*** Supplied data Section Begins ***

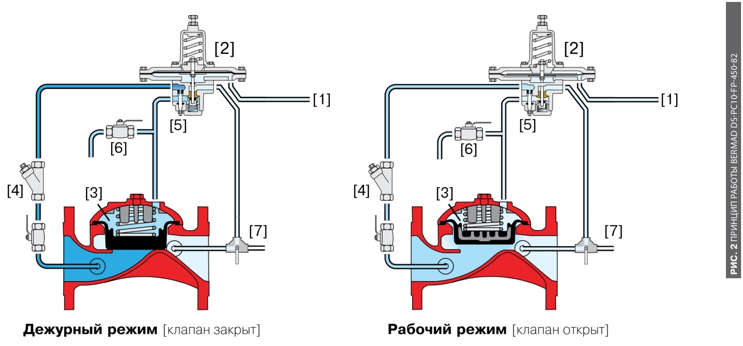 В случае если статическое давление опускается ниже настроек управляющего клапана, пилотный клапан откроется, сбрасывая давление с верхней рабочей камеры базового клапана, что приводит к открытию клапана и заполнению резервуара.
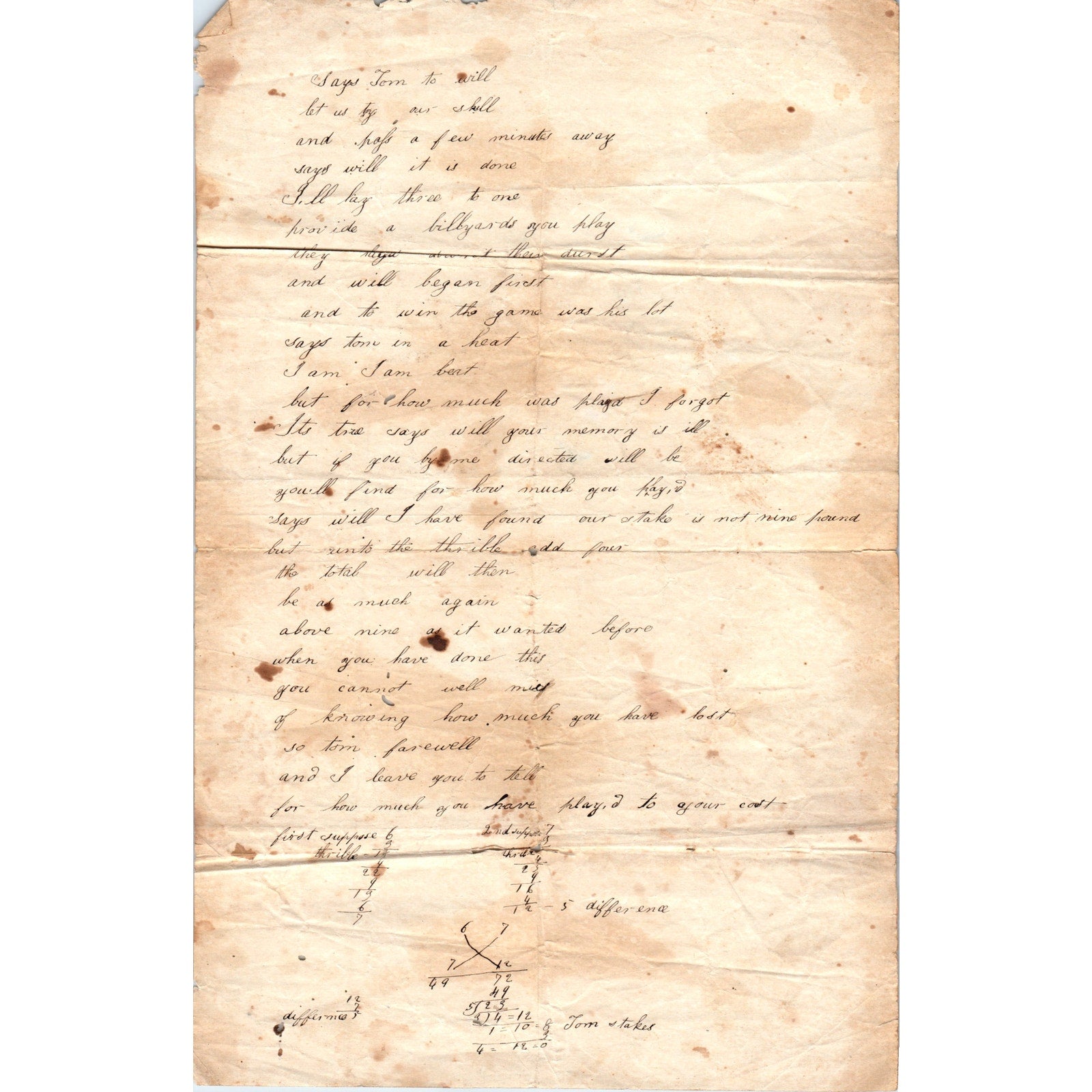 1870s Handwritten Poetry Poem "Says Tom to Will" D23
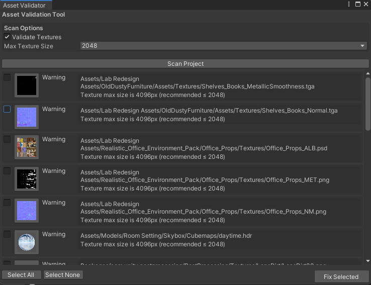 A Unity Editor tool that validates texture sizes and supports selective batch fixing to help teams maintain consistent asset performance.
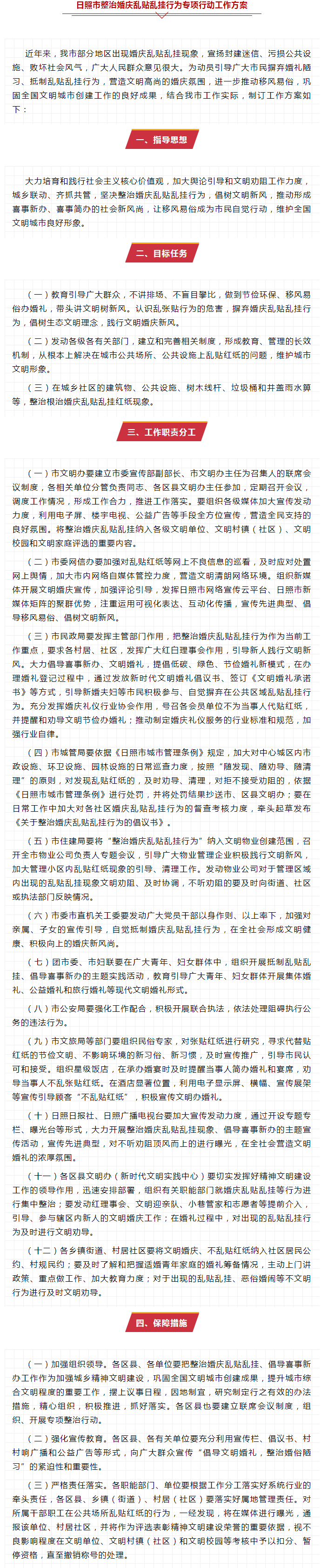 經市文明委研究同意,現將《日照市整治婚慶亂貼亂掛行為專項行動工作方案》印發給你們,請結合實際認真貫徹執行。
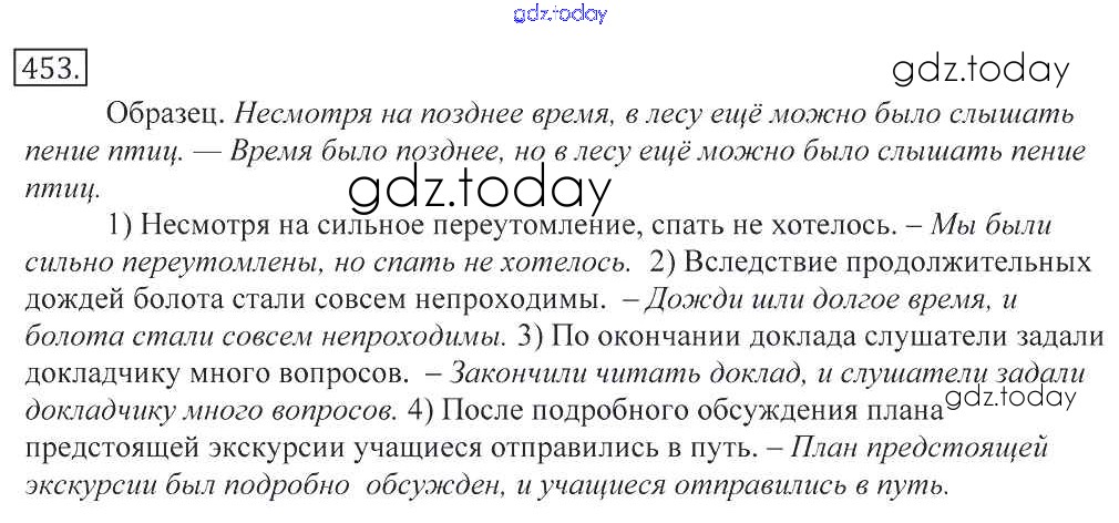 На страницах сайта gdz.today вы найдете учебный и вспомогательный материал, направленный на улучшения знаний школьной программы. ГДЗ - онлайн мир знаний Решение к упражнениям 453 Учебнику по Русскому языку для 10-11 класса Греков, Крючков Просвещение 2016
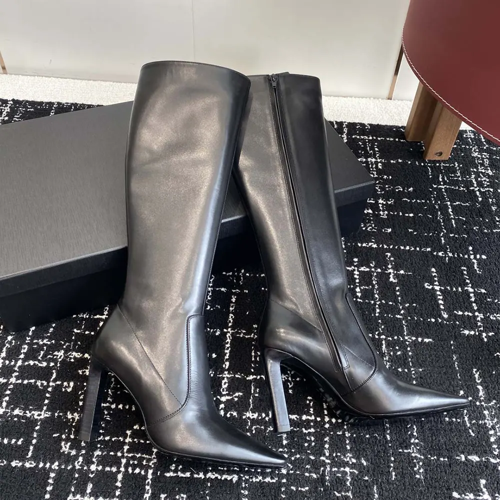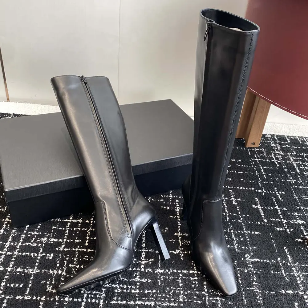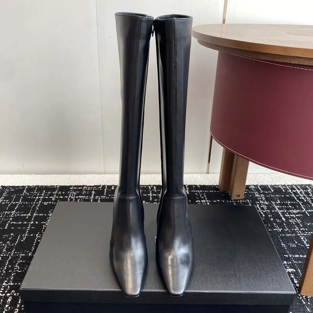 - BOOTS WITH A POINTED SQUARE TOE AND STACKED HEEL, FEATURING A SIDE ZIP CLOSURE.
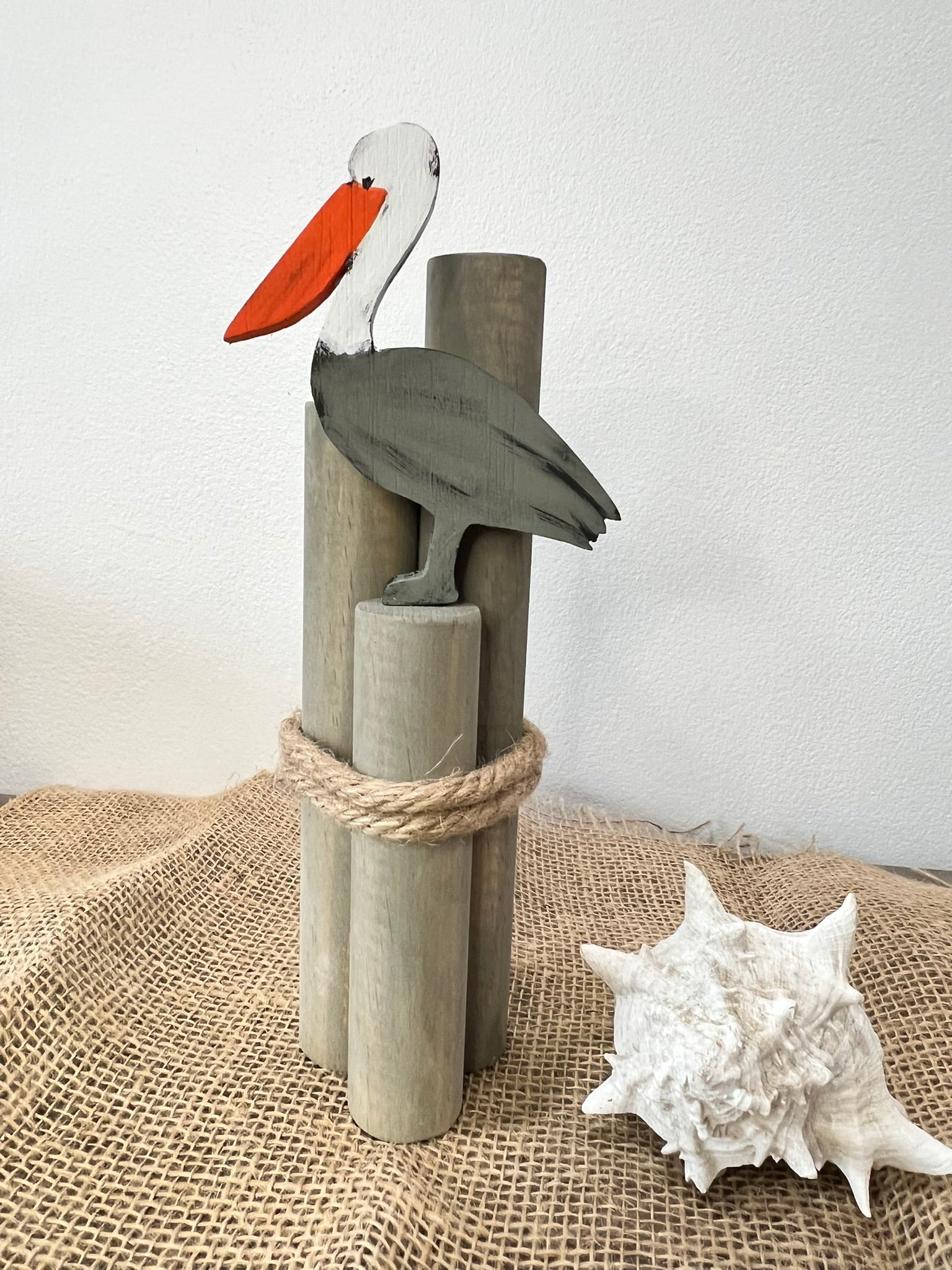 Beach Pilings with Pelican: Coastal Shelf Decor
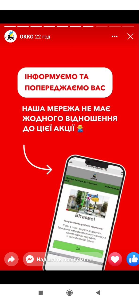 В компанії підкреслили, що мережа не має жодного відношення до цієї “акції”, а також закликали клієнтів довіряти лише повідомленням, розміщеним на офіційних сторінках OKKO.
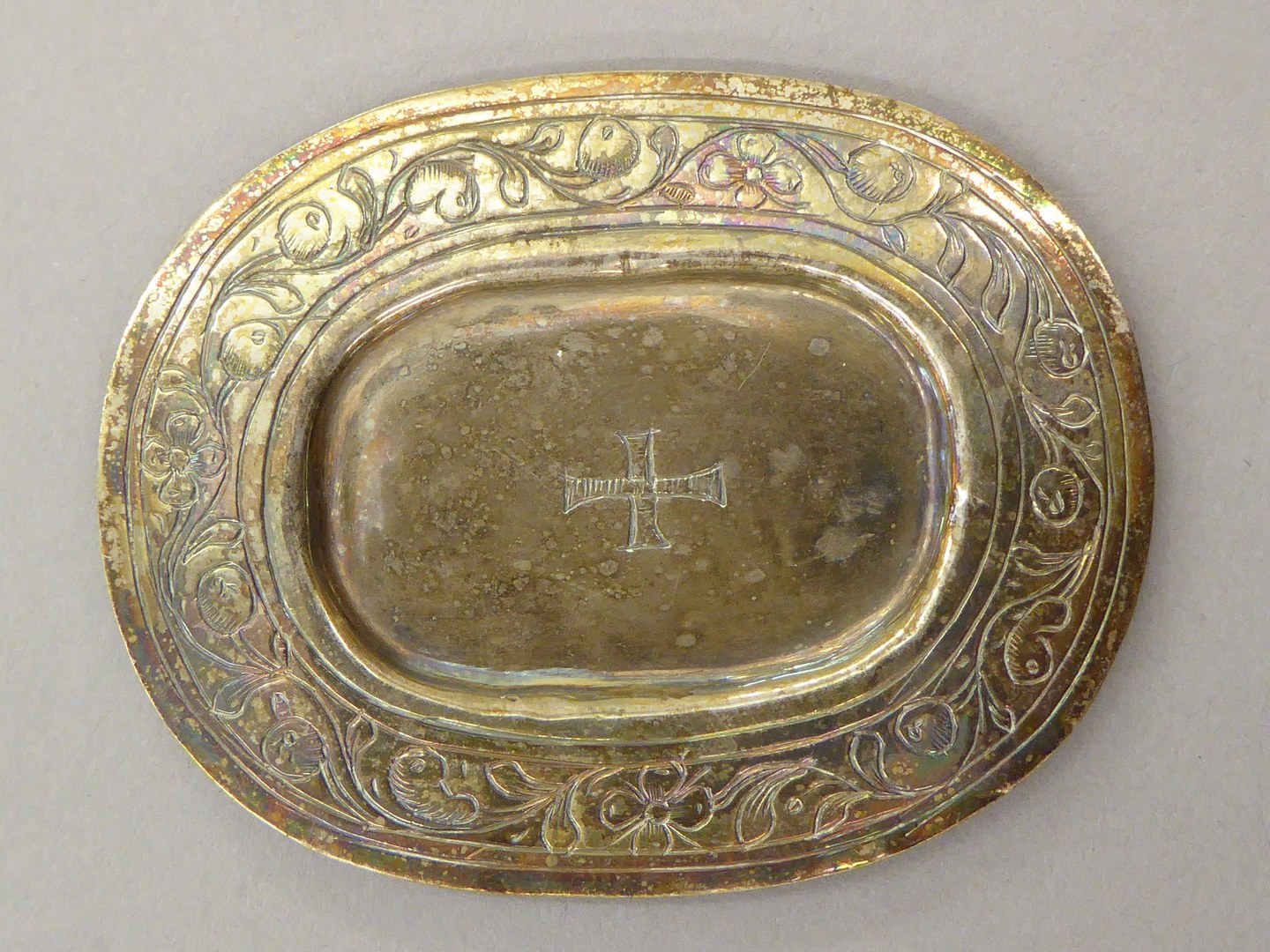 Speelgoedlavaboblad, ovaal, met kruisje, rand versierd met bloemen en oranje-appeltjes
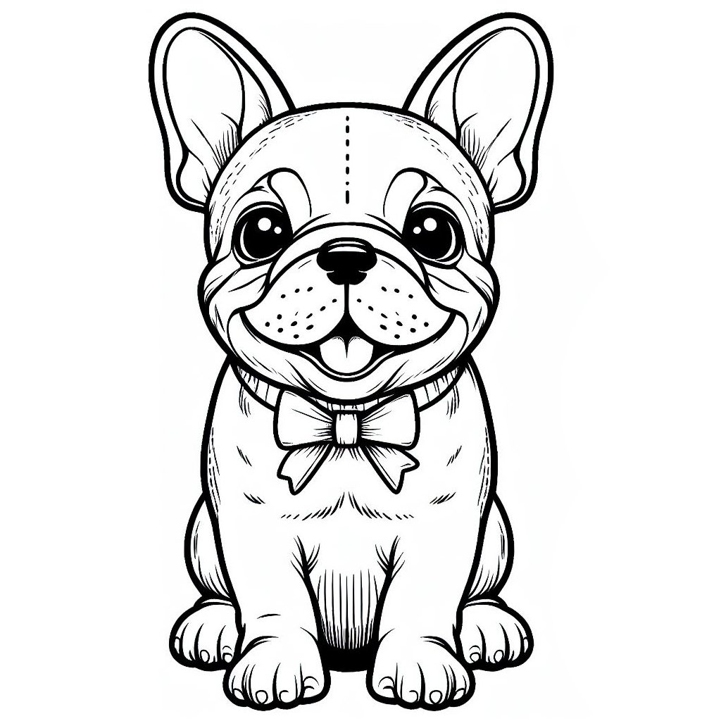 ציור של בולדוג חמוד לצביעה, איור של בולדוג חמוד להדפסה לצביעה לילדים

*** Supplied data Section Ends ***

- [Directions for this task]
Please restate the entries word for word, with all pictures left out.

- [Answer area]
 В случае если статическое давление опускается ниже настроек управляющего клапана, пилотный клапан откроется, сбрасывая давление с верхней рабочей камеры базового клапана, что приводит к открытию клапана и заполнению резервуара.
 1870s Handwritten Poetry Poem "Says Tom to Will" D23
 A Unity Editor tool that validates texture sizes and supports selective batch fixing to help teams maintain consistent asset performance.
 經市文明委研究同意,現將《日照市整治婚慶亂貼亂掛行為專項行動工作方案》印發給你們,請結合實際認真貫徹執行。
 На страницах сайта gdz.today вы найдете учебный и вспомогательный материал, направленный на улучшения знаний школьной программы. ГДЗ - онлайн мир знаний Решение к упражнениям 453 Учебнику по Русскому языку для 10-11 класса Греков, Крючков Просвещение 2016
 - BOOTS WITH A POINTED SQUARE TOE AND STACKED HEEL, FEATURING A SIDE ZIP CLOSURE.
 Beach Pilings with Pelican: Coastal Shelf Decor
 В компанії підкреслили, що мережа не має жодного відношення до цієї “акції”, а також закликали клієнтів довіряти лише повідомленням, розміщеним на офіційних сторінках OKKO.
 Speelgoedlavaboblad, ovaal, met kruisje, rand versierd met bloemen en oranje-appeltjes
 ציור של בולדוג חמוד לצביעה, איור של בולדוג חמוד להדפסה לצביעה לילדים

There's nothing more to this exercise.